● **What the exercise asks**:
Exactly as they stand, give the records below again, with no images.

● **Available records**:
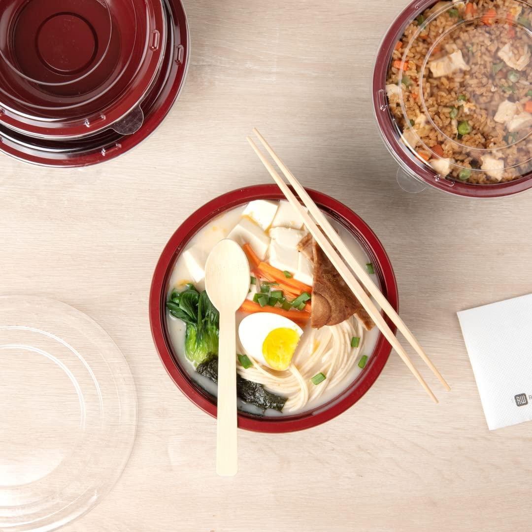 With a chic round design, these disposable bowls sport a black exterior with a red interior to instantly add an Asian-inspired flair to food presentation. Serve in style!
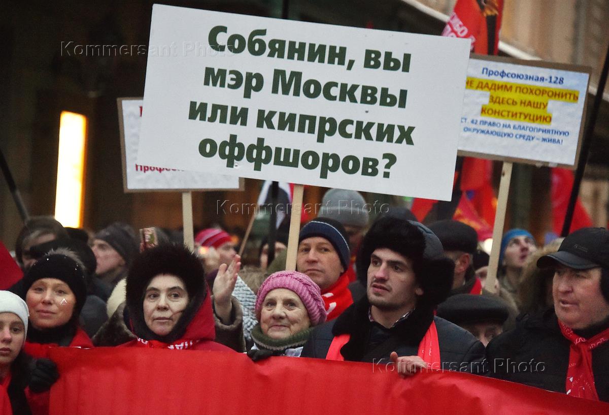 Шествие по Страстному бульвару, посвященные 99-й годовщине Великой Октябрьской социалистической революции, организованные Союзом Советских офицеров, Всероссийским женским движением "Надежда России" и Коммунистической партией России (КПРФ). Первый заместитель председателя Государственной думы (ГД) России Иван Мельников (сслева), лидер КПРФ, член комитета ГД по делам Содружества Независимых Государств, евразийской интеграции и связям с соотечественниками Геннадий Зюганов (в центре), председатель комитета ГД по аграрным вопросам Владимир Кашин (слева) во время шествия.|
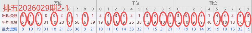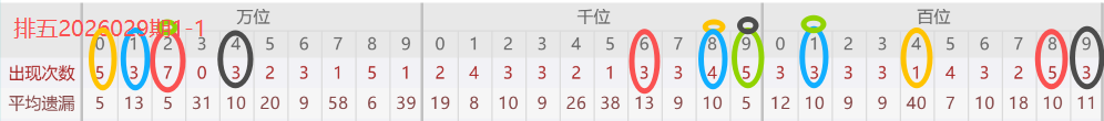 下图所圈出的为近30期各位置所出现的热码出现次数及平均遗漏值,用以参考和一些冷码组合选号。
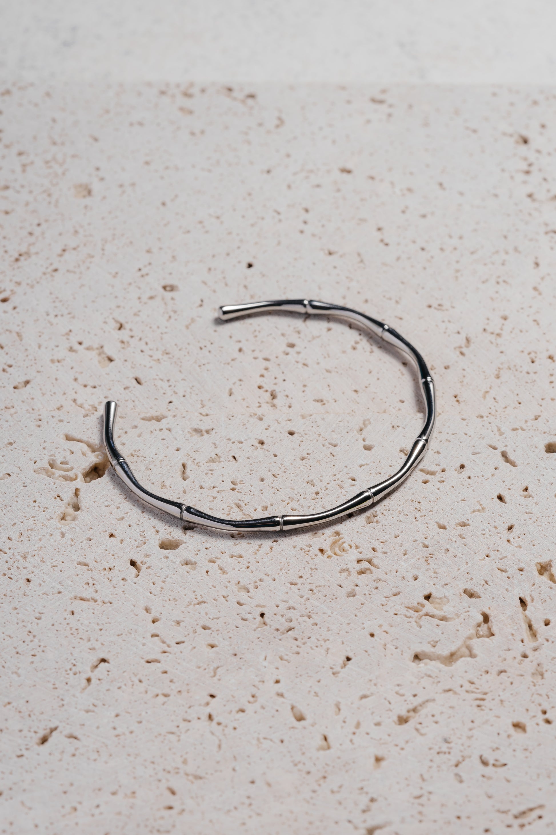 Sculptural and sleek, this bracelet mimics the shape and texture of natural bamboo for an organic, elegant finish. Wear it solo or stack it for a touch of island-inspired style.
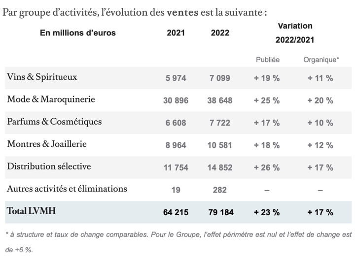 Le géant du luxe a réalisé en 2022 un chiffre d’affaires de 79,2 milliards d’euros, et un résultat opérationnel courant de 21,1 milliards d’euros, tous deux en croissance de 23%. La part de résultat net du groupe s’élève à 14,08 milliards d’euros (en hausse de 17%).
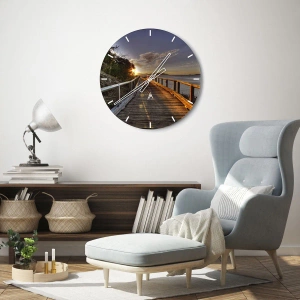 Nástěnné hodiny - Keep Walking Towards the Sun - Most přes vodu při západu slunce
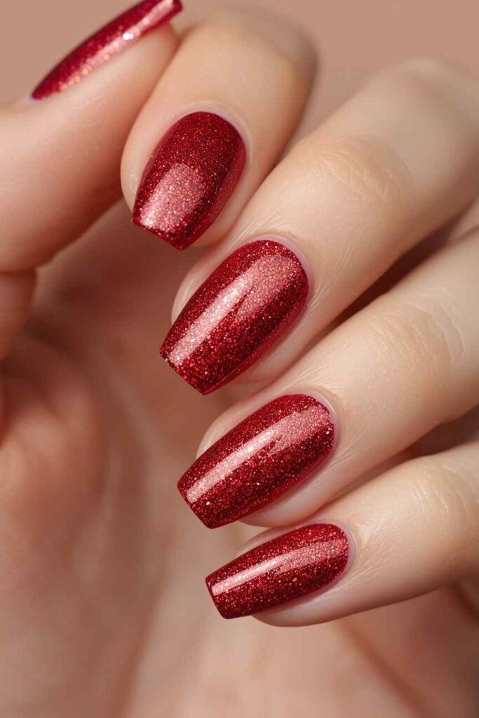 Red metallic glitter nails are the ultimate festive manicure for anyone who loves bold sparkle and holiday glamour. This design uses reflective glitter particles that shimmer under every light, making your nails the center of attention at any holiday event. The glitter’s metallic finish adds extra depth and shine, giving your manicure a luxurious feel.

● **Answer to this task**:
 With a chic round design, these disposable bowls sport a black exterior with a red interior to instantly add an Asian-inspired flair to food presentation. Serve in style!
 Шествие по Страстному бульвару, посвященные 99-й годовщине Великой Октябрьской социалистической революции, организованные Союзом Советских офицеров, Всероссийским женским движением "Надежда России" и Коммунистической партией России (КПРФ). Первый заместитель председателя Государственной думы (ГД) России Иван Мельников (сслева), лидер КПРФ, член комитета ГД по делам Содружества Независимых Государств, евразийской интеграции и связям с соотечественниками Геннадий Зюганов (в центре), председатель комитета ГД по аграрным вопросам Владимир Кашин (слева) во время шествия.|
 下图所圈出的为近30期各位置所出现的热码出现次数及平均遗漏值,用以参考和一些冷码组合选号。
 Sculptural and sleek, this bracelet mimics the shape and texture of natural bamboo for an organic, elegant finish. Wear it solo or stack it for a touch of island-inspired style.
 Le géant du luxe a réalisé en 2022 un chiffre d’affaires de 79,2 milliards d’euros, et un résultat opérationnel courant de 21,1 milliards d’euros, tous deux en croissance de 23%. La part de résultat net du groupe s’élève à 14,08 milliards d’euros (en hausse de 17%).
 Nástěnné hodiny - Keep Walking Towards the Sun - Most přes vodu při západu slunce
 Red metallic glitter nails are the ultimate festive manicure for anyone who loves bold sparkle and holiday glamour. This design uses reflective glitter particles that shimmer under every light, making your nails the center of attention at any holiday event. The glitter’s metallic finish adds extra depth and shine, giving your manicure a luxurious feel.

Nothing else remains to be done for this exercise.